WORK REQUEST: Although the records contain pictures, none belong in the copy: restate word for word only the lines from the one with "廣東深圳某毛絨玩具生產(ch" through the one with "Планетарий не сдувается", both included.

STUDY MATERIAL:
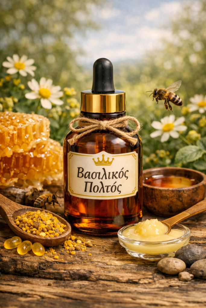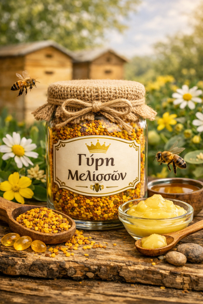 Υψηλής ποιότητας “μέλι – βαλσαμόλαδο – βασιλικός πολτός – γύρη – πρόπολη – κεραλοιφή – σαπούνια”
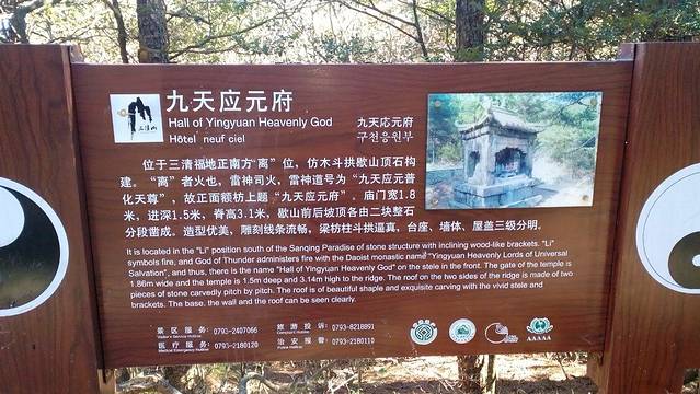 再笔直往前就是三清福地景区了,先是经过这九天应元府,道教是我国本土宗教自东汉顺帝时张陵(活了123岁!)创五斗米道和汉灵帝时张角创太平道始已有1800多年历史了,道法自然,天人合一,金庸武侠书里的王重阳丘处机知道嘛?!是历史上真名人啊!就是全真道士!成吉思汗让丘处机掌管天下道教尊他为神仙啊!唐玄宗还亲自为《道德经》作注呢!贵妃杨玉环“太真”就是道号明白不?!道教主要派别就是全真(不能娶妻食荤,强调清静无为)和正一(天师等演变而来,教主是张陵后裔,可以结婚,崇拜神仙),道教是追求修炼长生的,传说东晋的葛洪是三清山的开山祖师,而明景泰时的王祐创建的三清宫龙虎殿等几十处道教建筑,还铺了长达10公里的登山石阶,三清山属于丹鼎派(炼丹长生)道教名山,想起西游记里太上老君和他那炼丹炉了嘛?!悟空同学在里面蒸过桑拿奥!...
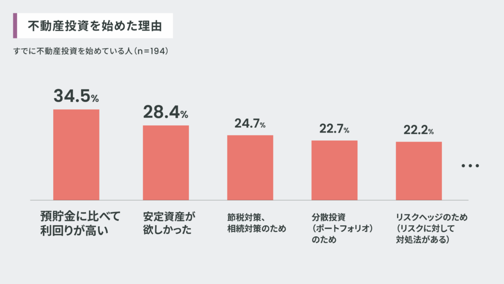 ◉ 不動産投資を始めた理由は「高い利回り」と「安定資産」
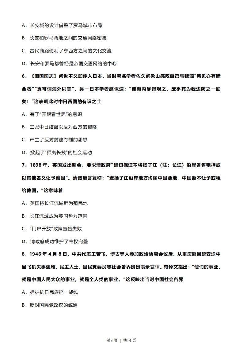 2022年普通高中学业水平等级性考试(北京卷)及答案历史本试卷共9页,100分。考试时长90分钟。考生务必将答案答在答题卡上,在试卷上作答无效。考试结束后,将本试卷和答题卡一并交回。第一部分本部分共15题,每题3分,共45分。在每题列出的四个选项中,选出最符合题目要求的一项。1.近年,考古工作者在江西国字山发现了战国中期的大型墓葬。该墓葬具有突出的越文化特征,同时又有楚文化和江准文化等文化因素,墓葬形制也与中原墓葬有相似之处。此考古发现A.印证了“春秋五霸“的政治格局B.反映了中华文明多元一体的特点C.证明中原率先成为中华文明核心D.说明了统一多民族国家已经建立2.汉代某地区“地广人稀”,到南北朝时期逐渐发展为“民多田少”。这一地区位于右侧示意图中的②1洛阳建康图例河流名④0线市A.①B.②C.③D.④第1页」共14页
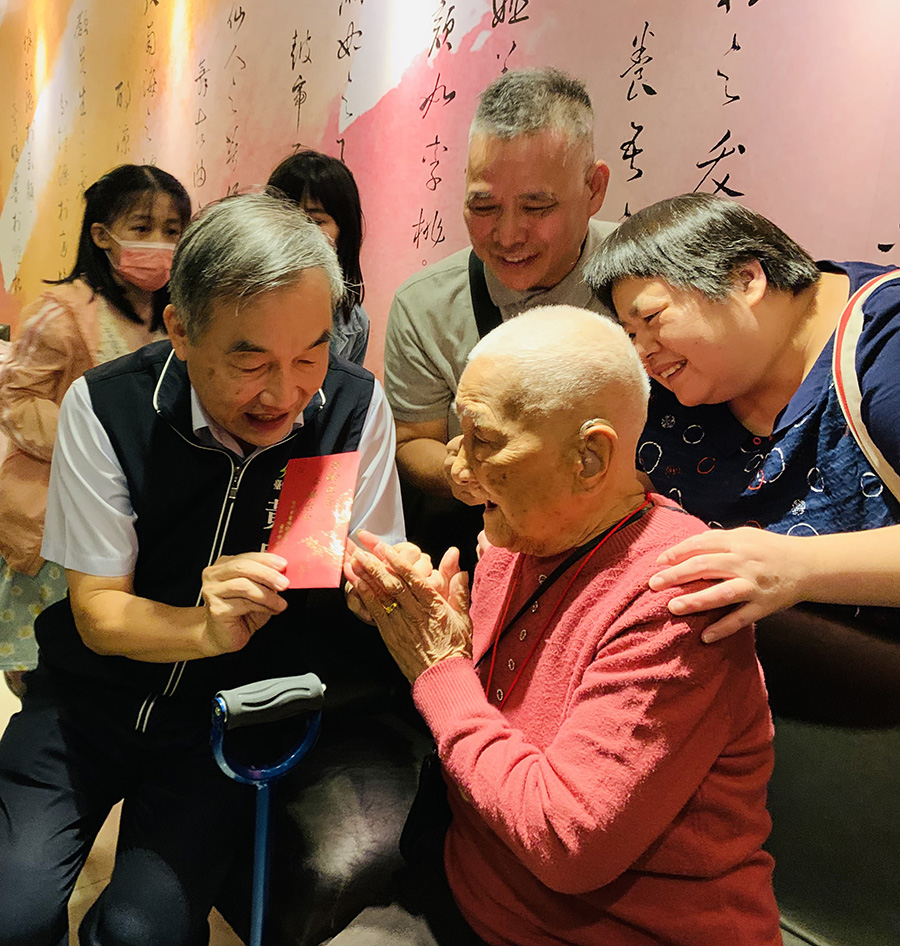 圖說2:副市長黃國榮送紅包祝福百歲的黃彭人份阿嬤子孫滿堂。(記者彭勝郎攝)
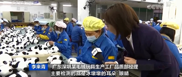 廣東深圳某毛絨玩具生產(chǎn)工廠品質(zhì)部經(jīng)理 李來青:主要檢測的就是冰墩墩的耳朵、眼睛、鼻子、嘴巴、手??匆幌掠袥]有爆口,后面縫口位,尾巴縫制得好不好,還有商標(biāo)??p制完、檢查完以后,就可以到下一個(gè)環(huán)節(jié),裝硅膠外殼。
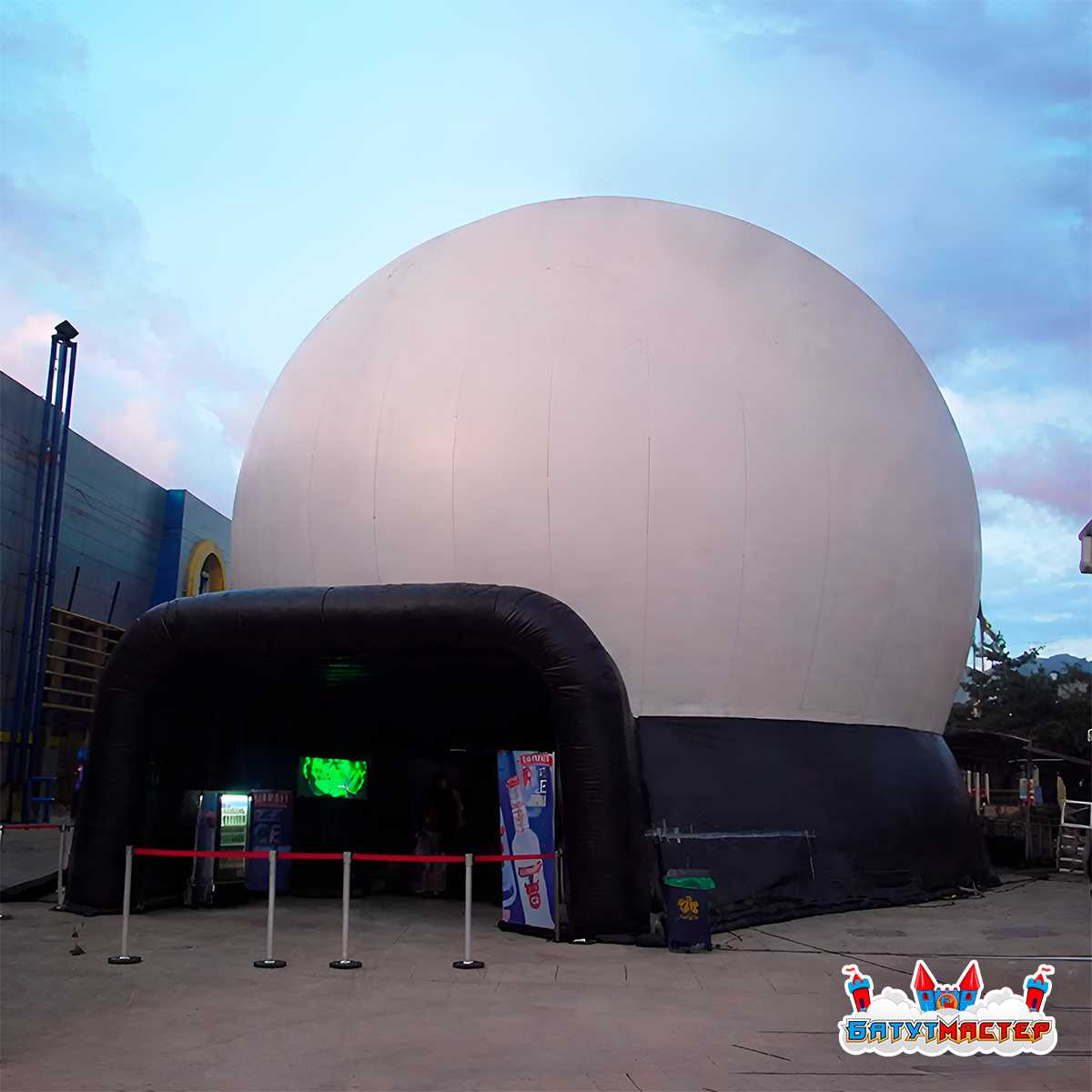 Планетарий не сдувается при открытии входа — это принципиально важное преимущество. Посетителей можно впускать и выпускать прямо во время сеанса, при этом купол не проседает и не теряет форму.
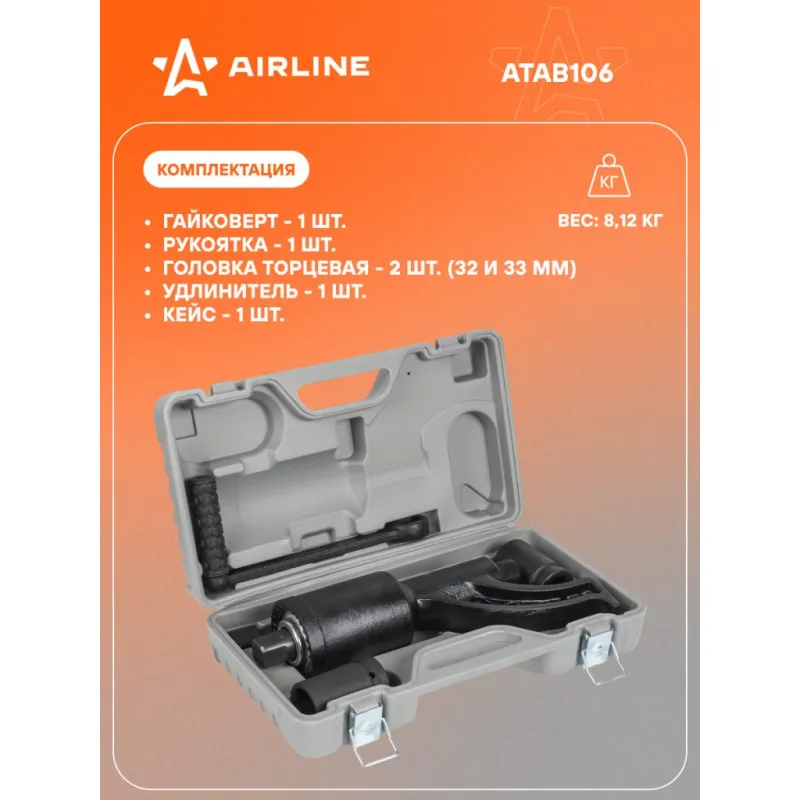 Гайковерт механич. 1" 4800Нм 1:64 360мм с головками 32 и 33мм пласт. кейс Описание: Механический гайковерт 4800 Нм 1"DR Airline ATAB106, в пластиковом кейсе представляет собой многоступенчатый редуктор, который многократно увеличивает крутящий момент прилагаемый к рукоятке. Таким образом, без больших усилий оператора можно отвинтить гайки крепления колёс на грузовиках и специальной технике. Инструмент выполнен из прочных и качественных материалов, обладающих надежностью и долговечностью. Гайковерт поставляется в удобном пластиковом кейсе для рационального хранения и транспортировки. Преимущества Airline ATAB106: *Кейс для хранения и переноски. *Инструмент устойчив к механическому износу. Рукоятка, головка торцевая 2 шт, удлинитель, кейс в комплекте. Гайковерт механический - это отличный вариант подарка любимому мужу, мужчине другу, папе, отчиму или коллеге! Характеристики: Артикул: ATAB106 Размер присоединительного квадрата: 1" Длина удлинителя, мм: 350 Твердость шестерней, HRC: 44-48 Длина гайковерта, мм: 360 Максимальный момент силы, Нм: 4800 Передаточное число: 1:64 Комплектация: Гайковёрт - 1 шт Удлинитель - 1 шт Рукоятка - 1 шт Головка торцевая - 2 шт Кейс - 1 шт Гарантия: от 1 года.
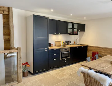 - Au 1er étage se trouve la pièce à vivre avec coin salon avec un canapé convertible 2 places et un coin cuisine/repas.
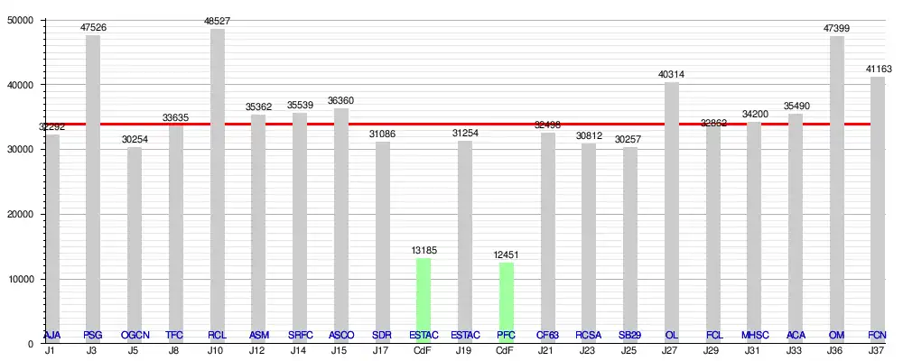 | Ligue 1 | - | - | 38 | 19 | 10 | 9 | 65 | 44 | +21 |
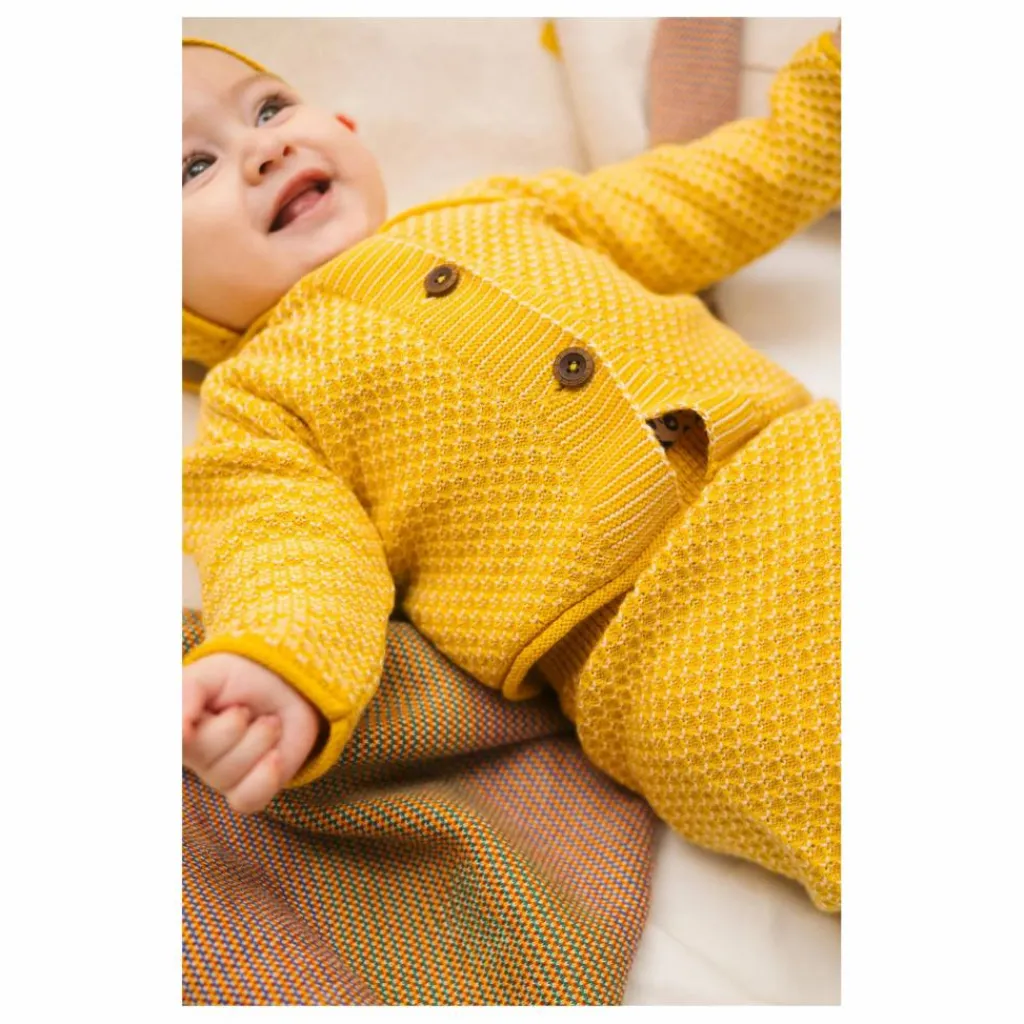 - Une veste tricotée classique avec un point de panier particulièrement délicat et de jolis boutons en noix de coco.
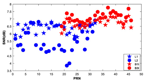 In view of the low fixed rate of the BDS-3 ambiguity in the above-described experiment, we analyzed the BDS-3 signal-to-noise ratio (SNR), orbit error accuracy, and clock error accuracy over 185 days and then we compared them with those of GPS. The results are shown in the following figures.
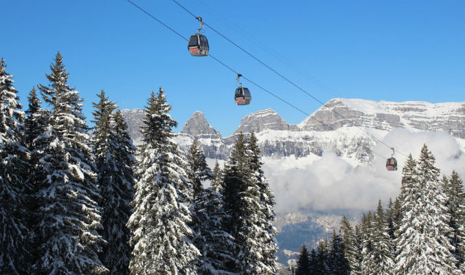 Bild: Gondelbahn Maschgenkamm vor den imposanten Churfirsten im Winterkleid. (Bergbahnen Flumserberg AG)
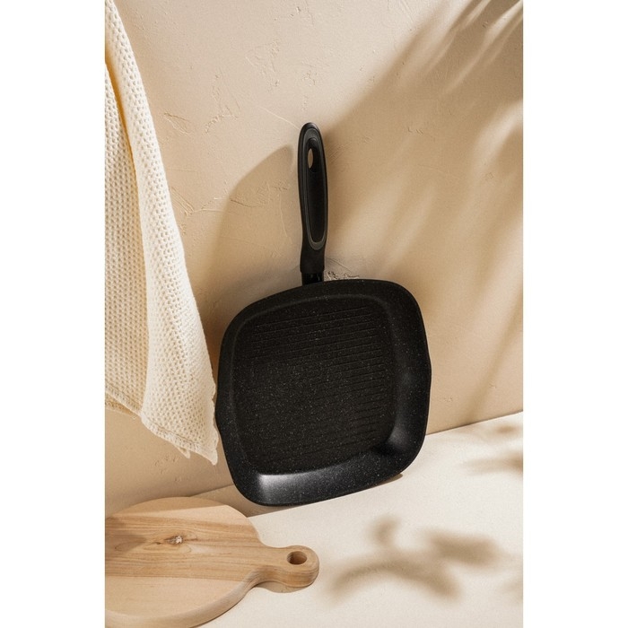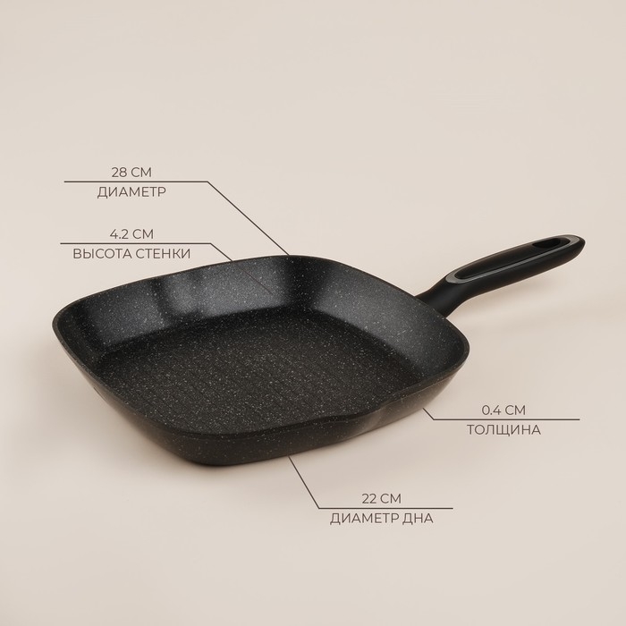 - Идеальная форма и размеры: квадратная форма диаметром 28 см и высотой стенок 4,2 см обеспечивает равномерное распределение тепла и идеально подходит для приготовления стейков, овощей и других блюд.
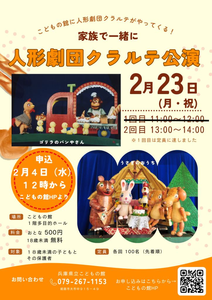 2月23日(月・祝)11時から、13時から人形劇団クラルテ 公演を開催します。
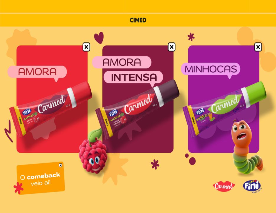 A colaboração entre Carmed e Fini começou em 2023. Com sabores icônicos como Beijos, Dentaduras e Bananas, a linha de hidratantes labiais viralizou nas redes sociais com mais de 1.4 bilhões de visualizações da hashtag Carmed Fini no TikTok. Neste panorama, o uso estratégico de influencers foi essencial para conquistar os consumidores.
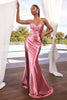To amplify the statement, this glamorous gown boasts a playful side leg slit intricately detailed with more captivating beading. This adds the perfect touch of glamour and intricate detailing. Our strapless satin fitted gown is not just about looking divine; it's about feeling like a goddess and commanding the spotlight.
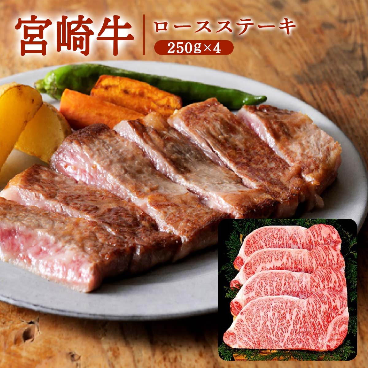 【10%OFF 楽天スーパーSALE限定】[ミヤチク] 牛肉 宮崎牛ロースステーキ 250g×4 宮崎牛 黒毛和牛 上質 ステーキ 焼肉 ロース お取り寄せ
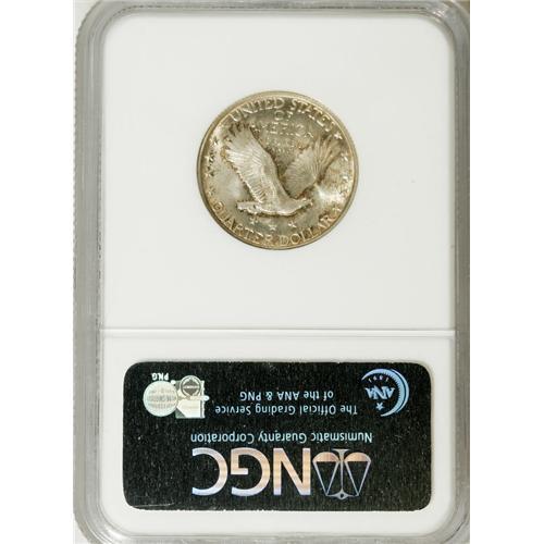 1923 25C MS66 NGC. Wisps of gold-tan and green patinat
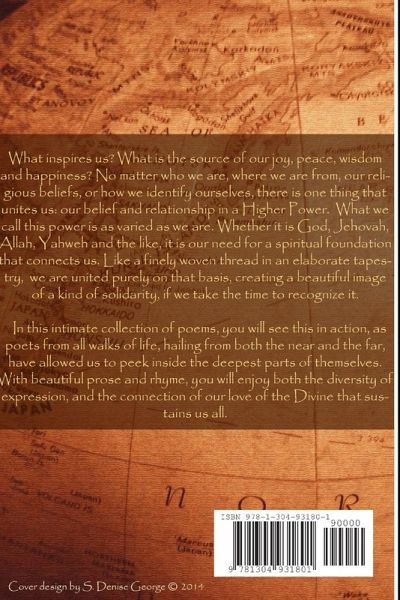 What inspires us? What is the source of our joy, peace, wisdom and happiness? No matter who we are, where we are from, our religious beliefs, or how we identify ourselves, there is one thing that unites us: our belief and relationship in a Higher Power. What we call this power is as varied as we are. Whether it is God, Jehovah, Allah, Yahweh and the like, it is our need for a spiritual foundation that connects us. Like a finely woven thread in an elaborate tapestry, we are united purely on that basis, creating a beautiful image of a kind of solidarity, if we take the time to recognize it. In this intimate collection of poems, you will see this in action, as poets from all walks of life, hailing from both the near and the far, have allowed us to peek inside the deepest parts of themselves. With beautiful prose and rhyme, you will enjoy both the diversity of expression, and the connection of our love of the Divine that sustains us all.
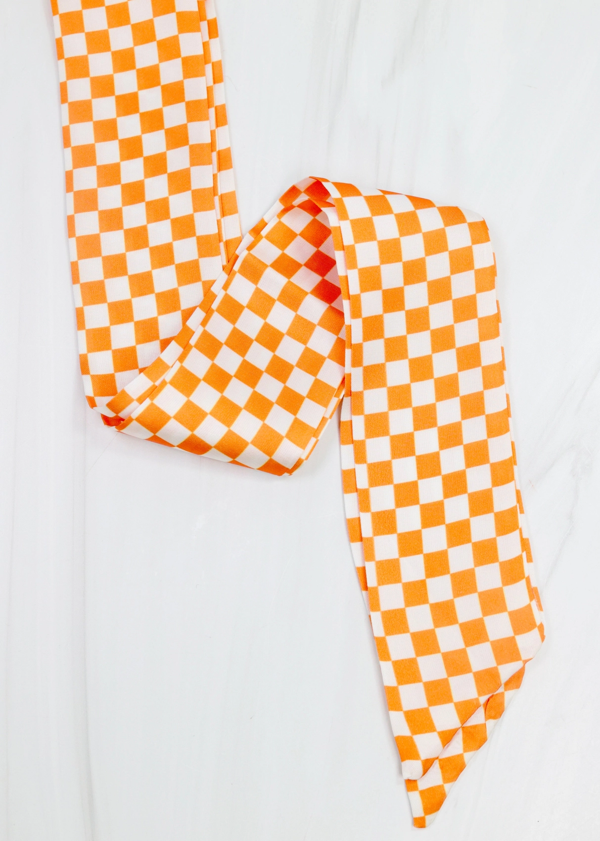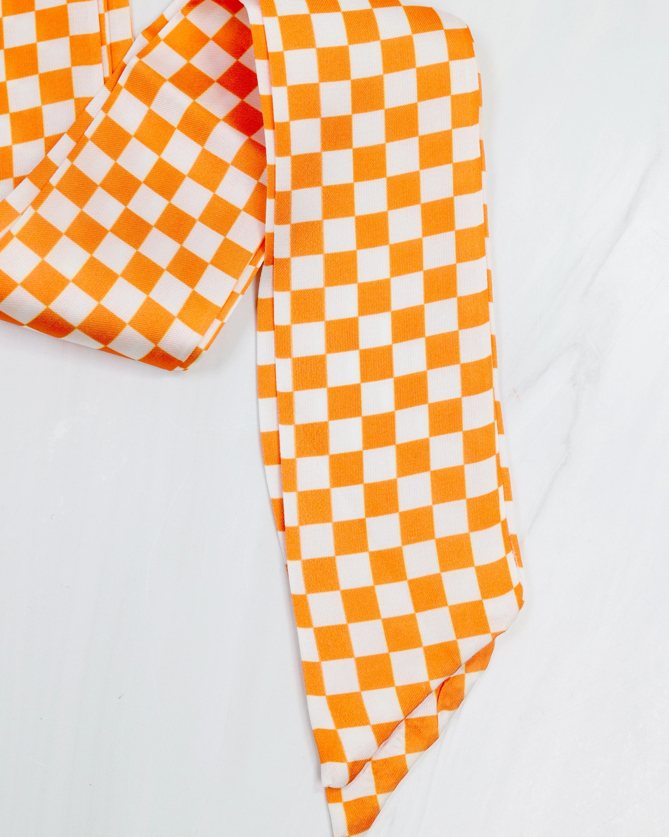 Add a stylish touch to any outfit with the Serafina Scarf in a classic orange check pattern. Its smooth satin-like texture makes it perfect for tying around your neck, wrist, bag, or even your cowgirl boots, adding a playful and fashionable flair wherever you wear it.

TASK OUTPUT:
 廣東深圳某毛絨玩具生產(chǎn)工廠品質(zhì)部經(jīng)理 李來青:主要檢測的就是冰墩墩的耳朵、眼睛、鼻子、嘴巴、手??匆幌掠袥]有爆口,后面縫口位,尾巴縫制得好不好,還有商標(biāo)??p制完、檢查完以后,就可以到下一個(gè)環(huán)節(jié),裝硅膠外殼。
 Планетарий не сдувается при открытии входа — это принципиально важное преимущество. Посетителей можно впускать и выпускать прямо во время сеанса, при этом купол не проседает и не теряет форму.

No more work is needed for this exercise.